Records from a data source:

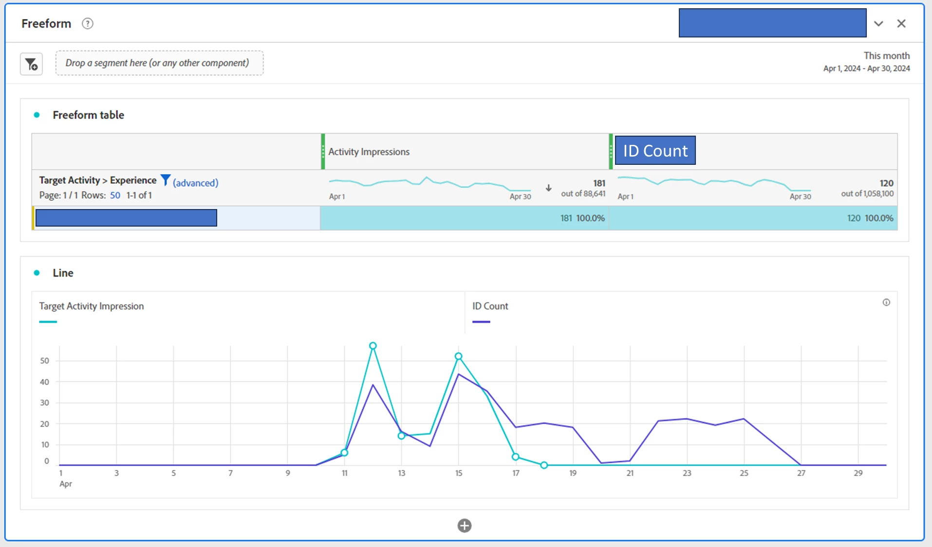 My team launched a new adobe target activity that happened from 4/11 - 4/17. I'm able to see the "Target Activity" and "Experience" show up in dashboards, and when I pull in the "Activity Impressions" metric I can see impressions during that time period.
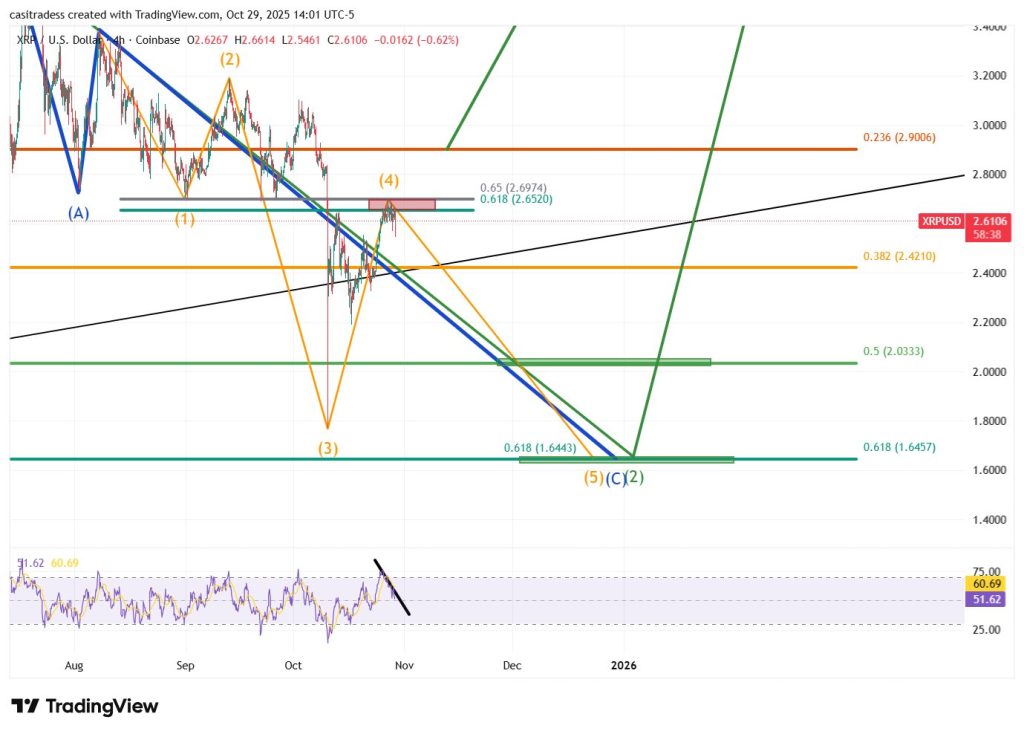 The next move targets the $1.64–$1.65 range, marked by a 0.618 Fibonacci extension, where Wave (5) is expected to bottom out. This kind of setup often signals the end of a correction before a longer-term reversal kicks in—potentially setting XRP up for a bullish run into 2026.
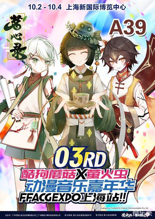 国庆期间,10月2日至4日,位于上海新国际博览中心举办的酷狗蘑菇·萤火虫动漫音乐嘉年华。更多精彩的活动,更多精美的周边,更多帅气的茶灵coser,等待雅士们前来A39展位一探究竟。金秋十月,这个萤火虫漫展,茗心录陪您度过。
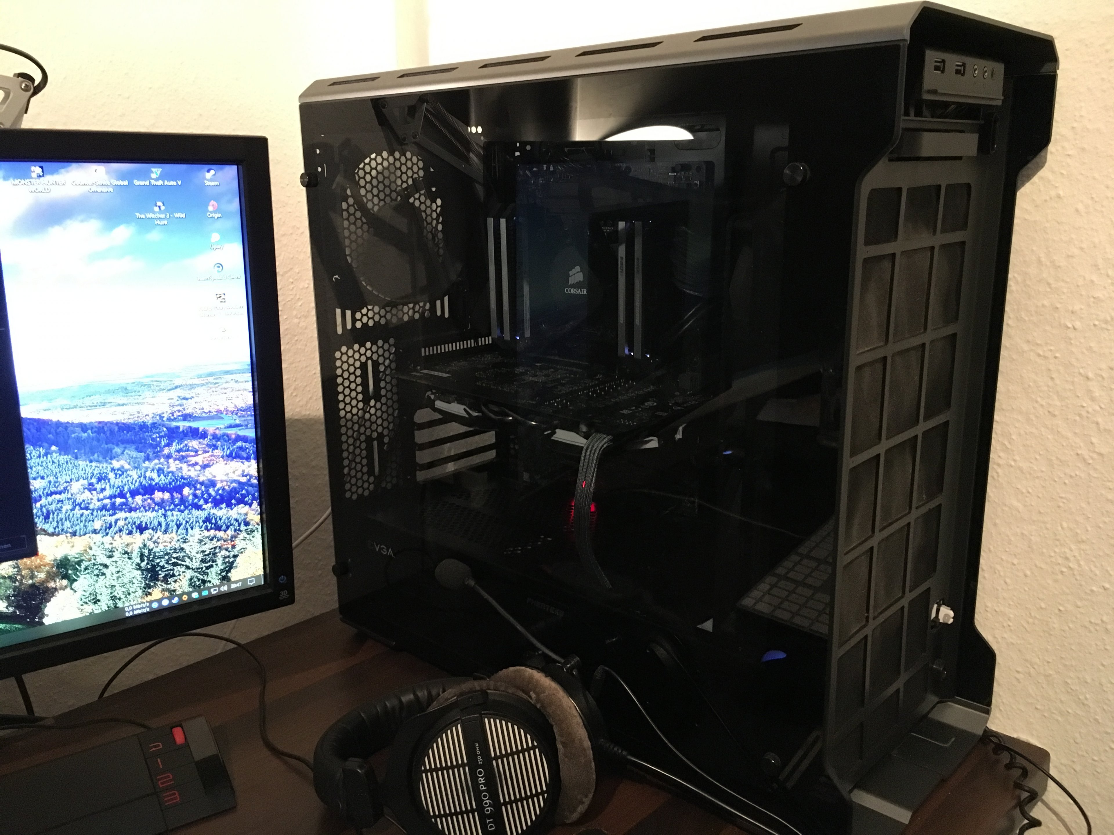 - Fractal R6 ( Qualität nicht dem Preis entsprechend ( Materialstärke, Verarbeitung, nur 2 SSD Trays dabei etc. blabla, dazu extrem warm durch Dämmung und miesem Airflow der Front - ich hab selten so eine verbaute Front gehabt -> mit offener Tür sind es EINIGE °C weniger)
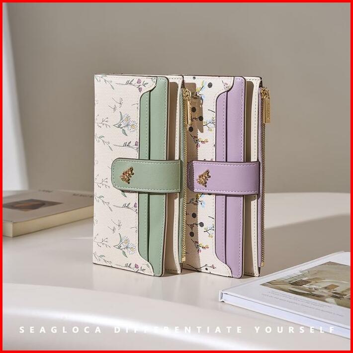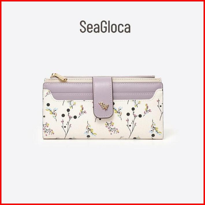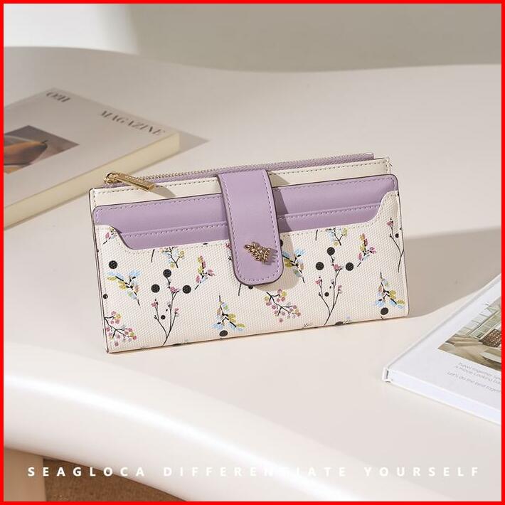 Seagloca Dompet Panjang Ritsleting Klasik Sederhana Wanita Kulit Pola Bunga No.2414
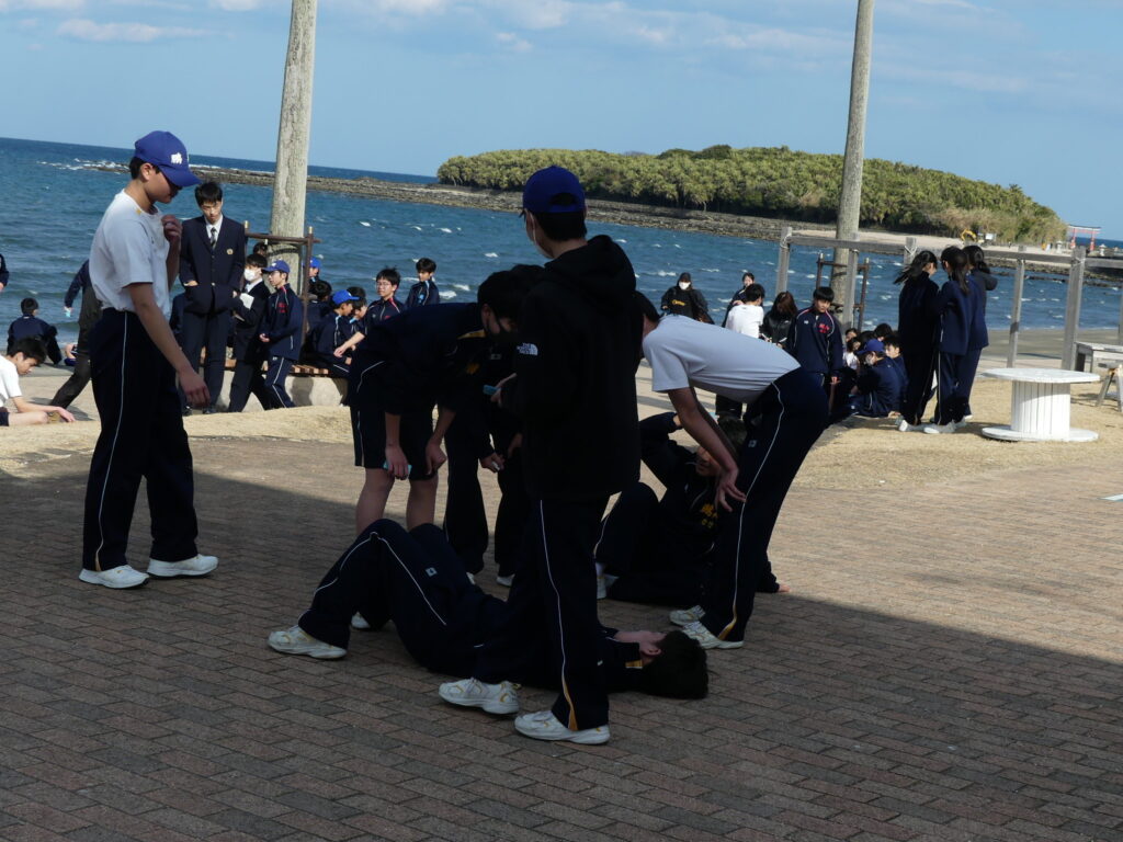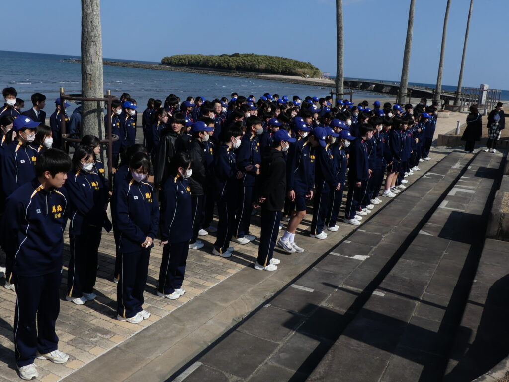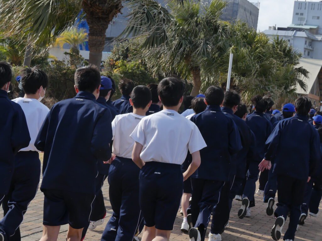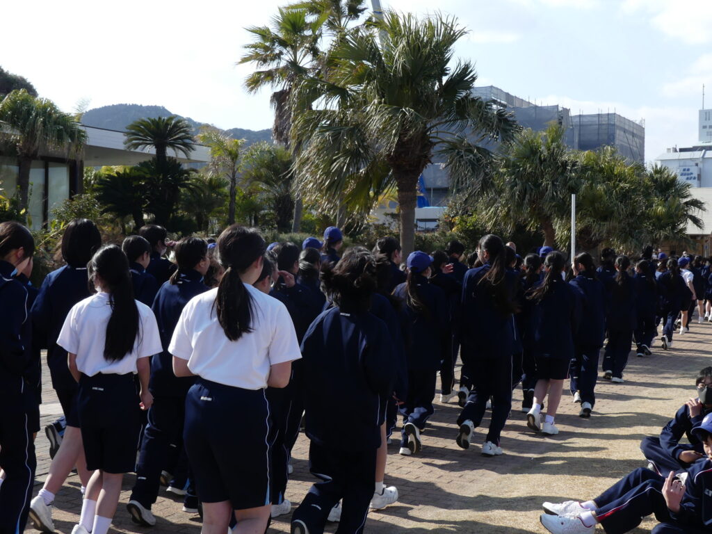本日、青島で行われたマラソン大会の様子をお伝えします。今日のために3学期初めから体育の授業で練習を重ねてきました。日向灘に面した青島トロピカルロードを、男女ともに3キロメートル走りました。
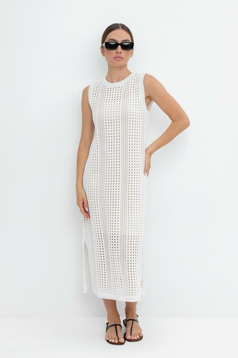 Вязаное ажурное платье. Состав 50% хлопок, 50% акрил. Благодаря акрилу в составе изделие не пилингуется. В комплекте внутреннее платье из бифлекса.
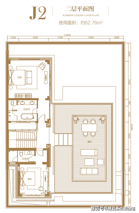 二层:使用面积约 62.76㎡,
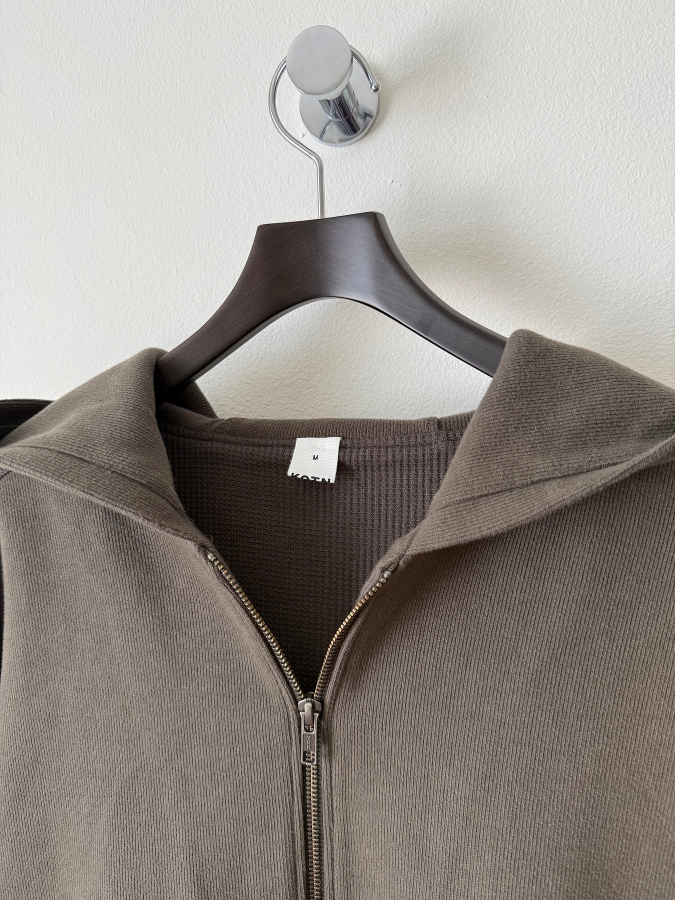 Kotn Cozy Zip Up Thermal Hoodie. Retail was ~$150. Nice shade of brown. Thick, great for this season. Big hood, drop shoulders, hidden slit pockets. Made of 100% Egyptian Cotton.

BRIEF >> Please repeat, exactly as written, the lines in the records above, starting with the one that has "- Fractal R6" and going on through the one that has "本日、青島で行われたマラソン". Pictures are to be left out.

SOLUTION FOR THIS EXERCISE >>
 - Fractal R6 ( Qualität nicht dem Preis entsprechend ( Materialstärke, Verarbeitung, nur 2 SSD Trays dabei etc. blabla, dazu extrem warm durch Dämmung und miesem Airflow der Front - ich hab selten so eine verbaute Front gehabt -> mit offener Tür sind es EINIGE °C weniger)
 Seagloca Dompet Panjang Ritsleting Klasik Sederhana Wanita Kulit Pola Bunga No.2414
本日、青島で行われたマラソン大会の様子をお伝えします。今日のために3学期初めから体育の授業で練習を重ねてきました。日向灘に面した青島トロピカルロードを、男女ともに3キロメートル走りました。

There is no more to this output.